Barragem de Teles Pires (Foto: Rogério Assis/Greenpeace)
O que diz a empresa CHTP?
A agência Amazônia Real procurou a Companhia Hidrelétrica Teles Pires (CHTP) para a empresa falar sobre as denúncias dos indígenas afetados pela construção da usina e das falhas apresentadas por eles no programa PBAI.
A empresa CHTP por meio de nota diz que “reza por manter permanentemente aberto o diálogo com as etnias indígenas Kayabi, Munduruku e Apiaká”. Segundo ela, “as manifestações feitas em reunião (o seminário) promovida pela usina refletem este diálogo.”
“Nesse sentido a Companhia Hidrelétrica Teles Pires vem executando, dentro de um cronograma dividido por etnia, todas as obras previstas no PBAI aprovadas pela Funai, com participação dos povos indígenas envolvidos no licenciamento”, disse.
Sobre as denúncias como problemas na construção de casas de farinha, a CHTP disse que “já foram finalizadas as obras aprovadas para o povo Kayabi.” “Estão em processo final as obras do povo Munduruku e iniciadas as obras do povo Apiaká.”
A empresa confirma as rachaduras nas construções. “Em algumas farinheiras, ainda não entregues definitivamente pela Companhia, foram observadas trincas nas bordas dos fornos, surgidas durante manuseio e utilização. Assim que informada a Companhia Hidrelétrica Teles Pires acionou a construtora responsável para realização dos reparos necessários”, disse.
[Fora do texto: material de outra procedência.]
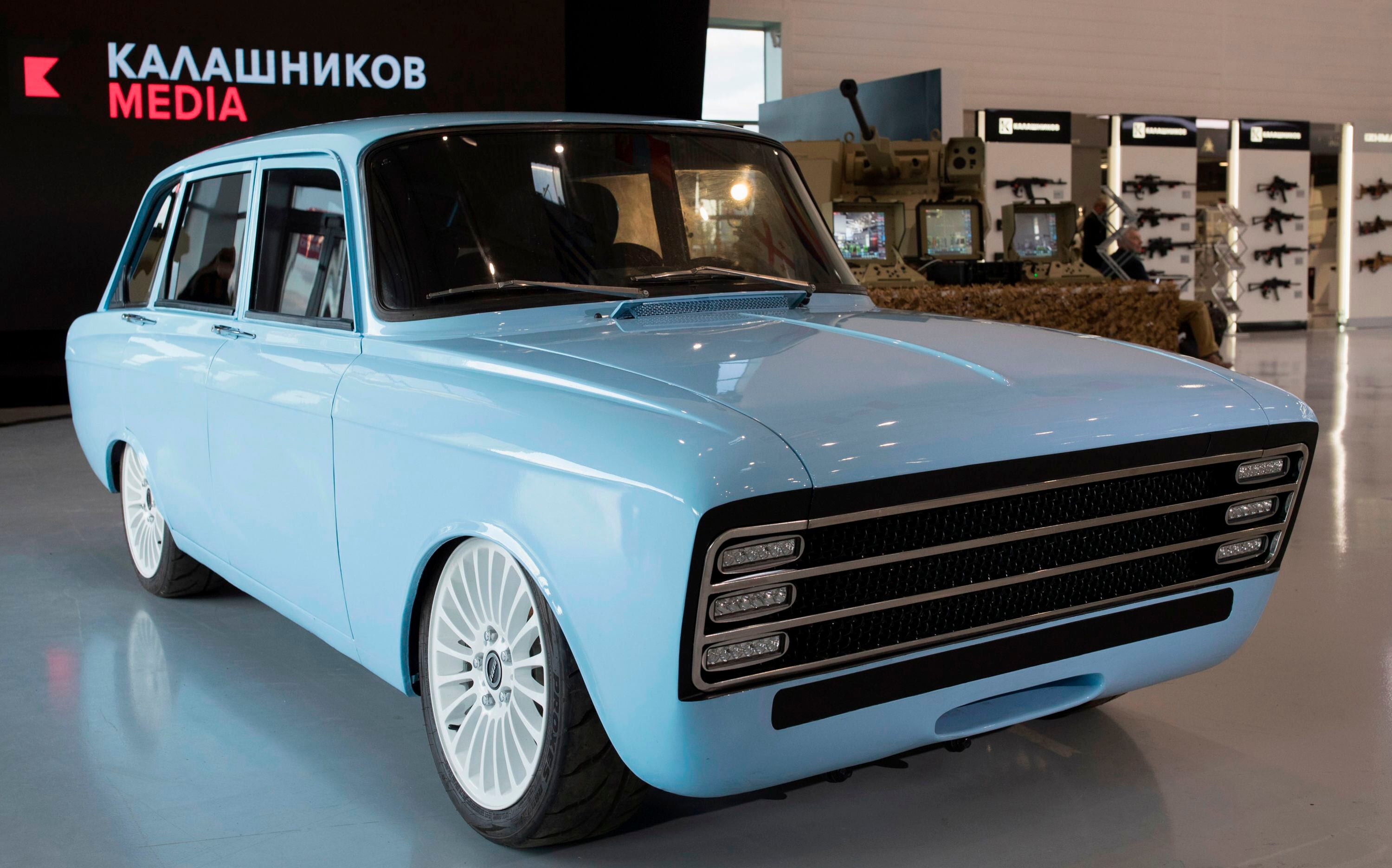 Kalashnikov presentó el prototipo de su nuevo coche eléctrico, color azul claro y diseño retro, llamado "CV-1" e inspirado de un modelo soviético de los años 1970, el "Ij-Kombi", durante un salón militar en la región de Moscú.

Sobre os cursos, a empresa afirmou que “todas as capacitações previstas pelo PBAI foram realizadas visando sempre atender as demandas e anseios de cada comunidade e povo. Desde o início do processo de licenciamento da UHE Teles Pires, a Funai sempre esteve presente para indicar e orientar a construção de um PBAI que buscasse atender e mitigar os impactos socioambientais da Usina. Foram realizadas reuniões com os povos indígenas, Funai, CHTP, Ibama e Ministério Público Federal ao longo do processo de licenciamento e chegou-se no modelo que foi aprovado pelos órgãos licenciadores e que está sendo executado pela Companhia.”
A Companhia Hidrelétrica Teles Pires destacou que “tem cumprido o previsto no (PBAI), conforme cronograma aprovado e, a qualquer dificuldade de execução ou atraso registrado nas ações, o planejamento é revisto e, quando necessário, elas são readequadas pontualmente.”
A Amazônia Real procurou a Fundação Nacional do Índio (Funai), em Brasília. A fundação disse que sua equipe está, no momento, elaborando a informação técnica que avaliará o seminário do PBAI de Teles Pires, no Mato Grosso.
O Ibama também foi procurado pela reportagem para falar sobre as denúncias dos indígenas, mas o órgão não respondeu até o momento.